Foi ganhando a perceção de que o tipo de respeito pelo mundo natural e que tinha dominado a agricultura até à revolução industrial desapareceu com a introdução de máquinas e o consumo desenfreado de combustíveis fósseis. A paisagem, outrora dominada por arvores autóctones e pelos grandes herbívoros que de forma natural controlavam matos e fertilizavam os terrenos, foi-se degradando.
Num esforço para melhor compreender a floresta no nosso país, estudou Engenharia Florestal na Universidade de Trás-os-Montes e Alto Douro. Estava a aproximar-se do território que desejava trabalhar e nela foi crescendo uma ideia: é possível fazer as coisas de forma diferente.

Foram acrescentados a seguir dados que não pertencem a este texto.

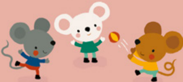
Grijze Muis, Kleine Muis en Snelle Muis
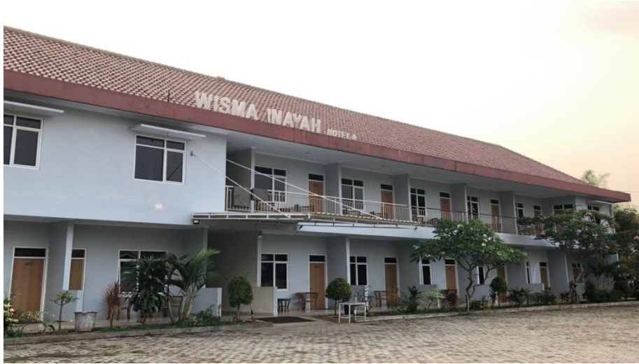
Gambar 1. Bangunan Hotel Inayah Syariah

Quando chegou a altura, vendeu um lote de terra na aldeia natal e comprou um terreno aqui: cem hectares em pleno parque natural. Depois de muito anos de sobrepovoamento e desmatamento da serra da Estrela, o século XX foi de várias tentativas de reflorestação pouco respeitadoras da herança natural do território. Além disso, a migração da população e o progressivo abandono das terras de cultivo levou a que existisse um descontrolo no ordenamento deste território. Mas Ana Teresa acredita que ainda é possível captar algum do conhecimento na comunidade.

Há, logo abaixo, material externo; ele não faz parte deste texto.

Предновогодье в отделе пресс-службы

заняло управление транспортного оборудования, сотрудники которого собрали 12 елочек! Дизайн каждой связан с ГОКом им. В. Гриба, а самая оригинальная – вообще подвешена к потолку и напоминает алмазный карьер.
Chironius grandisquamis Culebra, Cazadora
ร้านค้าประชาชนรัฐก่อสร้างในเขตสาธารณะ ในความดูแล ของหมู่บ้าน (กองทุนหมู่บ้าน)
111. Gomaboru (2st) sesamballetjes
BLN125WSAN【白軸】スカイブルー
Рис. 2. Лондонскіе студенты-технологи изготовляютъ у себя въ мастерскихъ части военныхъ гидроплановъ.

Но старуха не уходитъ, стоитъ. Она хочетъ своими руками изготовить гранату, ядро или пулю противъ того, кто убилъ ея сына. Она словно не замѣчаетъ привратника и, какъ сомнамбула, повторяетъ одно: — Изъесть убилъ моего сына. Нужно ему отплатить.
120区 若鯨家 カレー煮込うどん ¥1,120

Interessa-lhe a preservação de uma "agricultura ancestral, ligada à natureza, e que não recorre a químicos ou indústria". Se há uns anos "existiam ainda vacas e cavalos a trabalhar a terra, hoje em dia só se veem tratores", o que implica um grande impacto na compactação dos solos e no consumo de combustíveis fósseis.
Na sua propriedade, nos Casais de Folgosinho, quer pensar o mundo rural de maneira diferente. Quando conversámos tinha acabado de semear centenico (uma espécie de centeio de primavera) e andava a terminar o projeto para reflorestar a propriedade com carvalhos e castanheiros. Tem intenção de vedar o terreno, para que os animais de grande porte, como cavalos e vacas, possam por ali vaguear à semelhança dos seus antepassados. Estes grandes herbívoros, em liberdade, numa zona de floresta autóctone, podem trabalhar a favor do controlo de materiais combustíveis, enquanto fertilizam a terra e preparam os prados para os ovinos: "O restauro passivo não requer muito trabalho, é deixar evoluir a natureza", explica.

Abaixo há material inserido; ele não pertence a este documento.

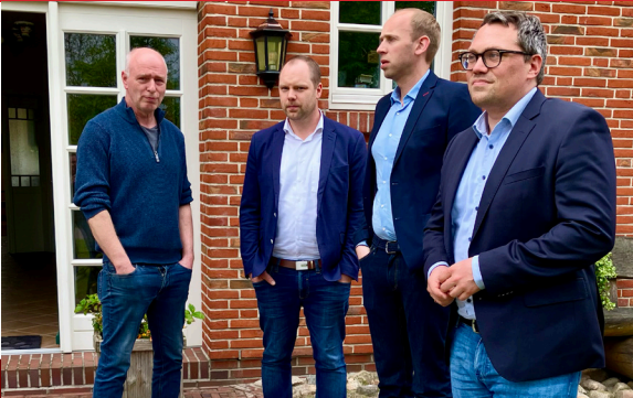
3. Mai – Zu Gast auf dem Hof Specht vor den Toren Westerstedes. Mehr über den Hof, das Thema Tierwohl und Biosiegel lest ihr auf Seite 4 oben.

Este é um esforço para reconstruir um ecossistema sustentável para homem, fauna e flora. Um meio ambiente com defesas para enfrentar pragas e outras catástrofes, sejam elas naturais ou provocadas pelo homem, como os incêndios. Com os vizinhos, espera compreender as vantagens das antigas técnicas agrícolas, como fazer o pão e como trabalhar o leite das ovelhas bordaleiras, que pastoreia. Aqui em Casais de Folgosinho está em curso um projeto que se esforça para demonstrar que não temos de andar sempre na busca do lucro e dos resultados económicos. Como Ana Teresa Matos defende, "é preciso andar um bocadinho para trás, para seguirmos todos em frente".